Lo que no deja de tener un cierto sentido histórico, porque aunque son dos cosas distintas y de alguna manera paralelas, la evolución de la democracia y el capitalismo está enraizada en el mismo proceso político y cultural, el mismo sistema de valores de eso que llamamos la modernidad. Por eso hay quienes no aceptan la esencia de la democracia liberal, la consideran una farsa, un ritual prescindible en la lucha por la justicia social.
De ahí la doble moral y la hipocresía innegables de todos los que viven desgarrados contra la tiranía y el despotismo pero que están dispuestos a justificarlos cuando los que los ejercen son regímenes cercanos a su corazón, a su ideario.
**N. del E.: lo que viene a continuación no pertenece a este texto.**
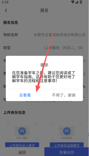 5、确认报名,请按照报名信息页面内容部分补充完成,提交等待平台审核通过以后,驾校会主动联系到你去学习和报名其他驾考科目啦。

Quienes piensan así por lo general militan en proyectos políticos mesiánicos, absolutistas y teleológicos (y teológicos): utopías que no iten matices ni revisiones; promesas de un mundo mejor que solo es posible si se aplica el recetario dogmático e inamovible que ellas prescriben. Ese objetivo trascendental y último lo justifica todo: la violencia, la corrupción, la represión, la miseria, la censura, todo: ya llegará el paraíso, ustedes tranquilos.
Del otro lado, en cambio, está la democracia con sus grises conquistas y sus imperfecciones, sus principios tantas veces fallidos y defraudados: el triunfo de las mayorías y la tutela de las minorías, la división de los poderes públicos, la prensa libre, el respeto por los derechos individuales y colectivos. Y claro, la libertad económica, la esencia del capitalismo. Mientras exista el capitalismo, dicen sus enemigos, la democracia liberal no es más que una mascarada.
De ahí la doble moral y la hipocresía innegables de todos los que viven desgarrados contra la tiranía y el despotismo pero que están dispuestos a justificarlos cuando los que los ejercen son regímenes cercanos a su corazón, a su ideario. Acudiendo siempre, además, a una falacia que uno podría llamar en latín ‘peiores estis’: “Ustedes son peores, cállense que ustedes hacen lo mismo”. Como si invocar la perversidad ajena lo redimiera a uno de la propia.
Con ese argumento, muchos que siempre están predicando desde el balcón de unos valores que proclaman universales –la igualdad, la libertad, la justicia– los relativizan por solidaridad ideológica y se hacen cómplices de horrores que en otras circunstancias, si fueran perpetrados por sus contradictores, serían los primeros en condenar. Pero no siempre les repugnan los métodos oprobiosos del enemigo, no si son ellos los que los usan para sus brutales utopías.
No les gusta la democracia que decía María Moliner: les gusta, aún hoy, la de la Unión Soviética.